As Howard Caygill says in his more conventional review, the urge to produce such a book with its intellectual histories, vast array of diverse interpretations and extensive bibliographies (detail upon detail), "is largely a product of the Enlightenment" and, I would add, a key weapon in an implicit war. We are always on the brink of chaos, perhaps already unknowingly engulfed and grasping for a float.

On page 636 of the Dictionary, ten double-columned pages are launched under the heading MEMORY / FORGETFULNESS. It has four chapters with sub-sections that themselves contain further sub-sections and under them, even more. Under II: The Making of the Past comes D: The fiction of total knowledge and under that is 3: Mallarmé's break with tradition: The freeing of forgetfulness. The entry by the late Jean Bollack is an impressively concise summary of the poet's "Orphic search for a truth hidden within language" and uses his poem Le vierge, le vivace as the defining statement of his art and "which makes forgetfulness a condition of poetic song".

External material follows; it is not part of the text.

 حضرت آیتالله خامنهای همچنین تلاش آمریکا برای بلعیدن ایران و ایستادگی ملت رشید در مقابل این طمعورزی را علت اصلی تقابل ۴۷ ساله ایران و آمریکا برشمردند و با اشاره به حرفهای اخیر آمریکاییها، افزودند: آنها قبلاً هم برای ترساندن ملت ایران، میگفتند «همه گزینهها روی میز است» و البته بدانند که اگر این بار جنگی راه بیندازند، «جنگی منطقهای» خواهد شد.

Poetry in the figure of a swan leaves behind it “ce lac dur que hante sous le givre / le transparent glacier des vols qui n’ont pas fui” ( Beneath the frost of a forgotten lake / Clear flights of glaciers not fled away; trans. John Holcombe ). The world of life is thus divided, and also leaves behind the raw matter of frozen traces: “Un cygne d’autrefois se souvient” ( In past magnificence of another day / The swan remembers ). It remembers its lost glory as in a mirror: if it escapes, it is because it has resisted and not given in to incantation and celebration. Its poetic means have transported it elsewhere, and forgetfulness is the line that is crossed by verbal transcendence, with art finding a way to create for itself another world.

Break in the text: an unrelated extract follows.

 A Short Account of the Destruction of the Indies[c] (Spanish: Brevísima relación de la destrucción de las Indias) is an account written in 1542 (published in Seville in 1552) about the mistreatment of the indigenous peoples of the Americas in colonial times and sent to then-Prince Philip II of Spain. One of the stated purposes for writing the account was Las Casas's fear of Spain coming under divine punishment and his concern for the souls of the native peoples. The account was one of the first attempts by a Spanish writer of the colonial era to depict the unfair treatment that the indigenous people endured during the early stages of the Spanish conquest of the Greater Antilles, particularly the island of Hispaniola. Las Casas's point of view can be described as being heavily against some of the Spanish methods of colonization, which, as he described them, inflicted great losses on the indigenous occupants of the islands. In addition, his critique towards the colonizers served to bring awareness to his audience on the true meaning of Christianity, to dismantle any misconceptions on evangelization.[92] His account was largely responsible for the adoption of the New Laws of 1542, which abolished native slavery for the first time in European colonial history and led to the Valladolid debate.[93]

The translation used here is not one by which this poem came to me but Robert Lowell's with its "hard, neglectful lake hoarding under ice / a glacier of flights than never fly" and "The swan ruffles, remembers it is he". In this way even a poem that seemed to be an unchanging literary terra firma is now threatened, and this Dictionary is the ocean. Perhaps this is why Thomas Bernhard's wall of prose meant so much to me that day – the novel was the thing itself, the detail was not key but rather the overall movement, the constant working, the constant repetition of sentences shored against the ocean. Moreover, the translation is not exceptionally important: the book is an object added to the world, a gap in the universe and propels itself into existence under that awareness.